France-based open street map maker Florian Lainez, who founded ‘Jungle Bus’ four years ago, was the chief guest. “I have been into open-street mapping for the past nine years – mapping landmarks while walking, while on holidays, or during routine travel, using my smartphone, be it in France or outside. Such open street mapping initiatives are of immense help to the public at large, be it for commuting or as a help in times of emergency,” he said.
The response of the public and government agencies to OSM changed post the 2018 deluge, furthering the cause of map literacy, said Manoj Karingamadathil, coordinator of the meeting. “They came to understand the benefits of the availability of such an open platform. Still, many agencies which have mapped their areas of activity are reluctant to share them with other agencies, often citing policy issues,” he said.
A panchayat-level resource mapping was done recently in select local bodies to help collate and analyse data.

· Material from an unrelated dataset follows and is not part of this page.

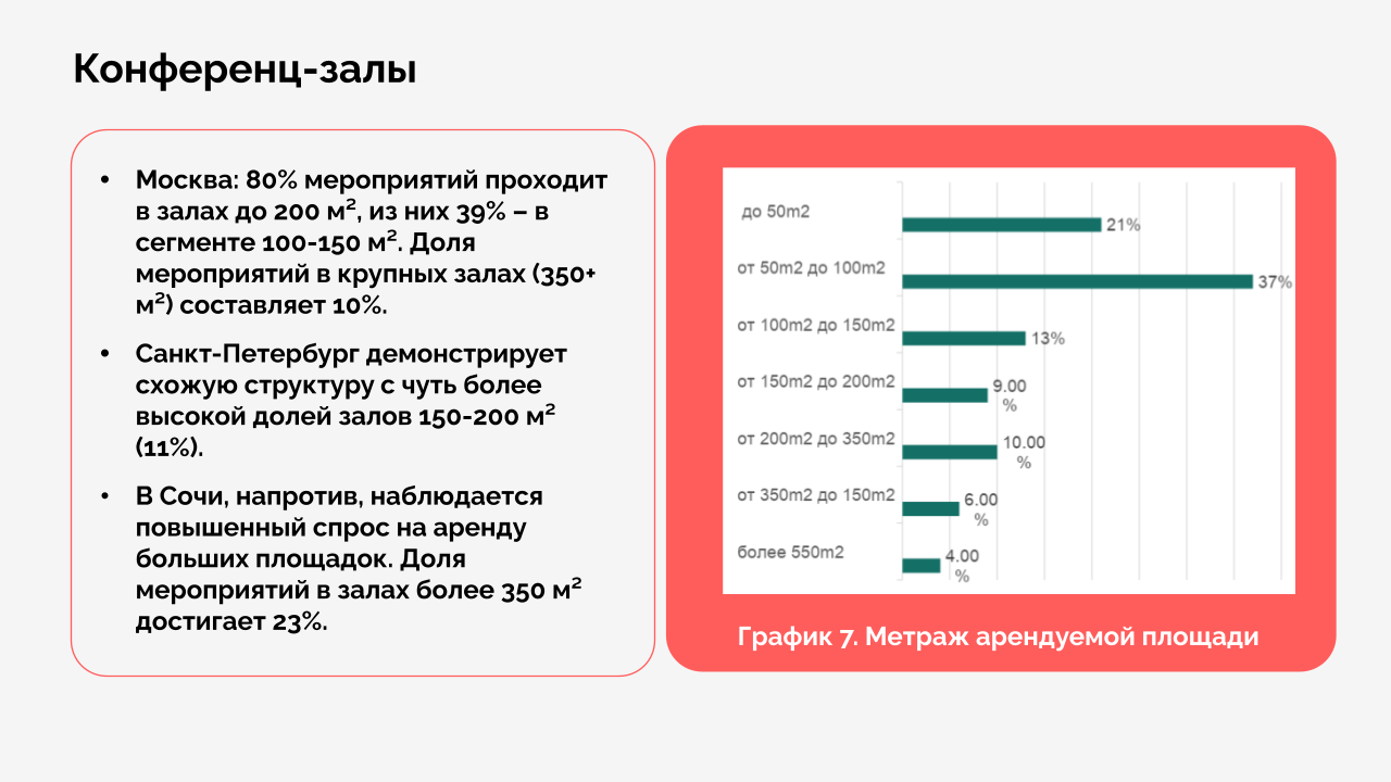 Ситуация с конференц‑залами неоднородная — в Москве, Петербурге и Сочи показатели сильно различаются. В Москве 80% мероприятий проходят в залах площадью до 200 кв. м. При этом крупные события сохраняются. Например, в Сочи 23% мероприятий проводятся в залах более 350 кв. м.

A masters-degree holder in geo-spatial engineering, Arjun Gangadharan cited the initial hassles that volunteers faced while tracking bus routes and stops, since many buses were not operating on the basis of available data. “Then there are problems like the data available with one department not matching with that of the other. This means we have data, which is often of little use. The availability of open data will help frequent update of data as well,” he said.
The meeting was co-organised by Open Data Kerala (ODK), Swathanthra Malayalam Computing (SMC), Map Kerala Initiative, Geominds and Jungle Bus.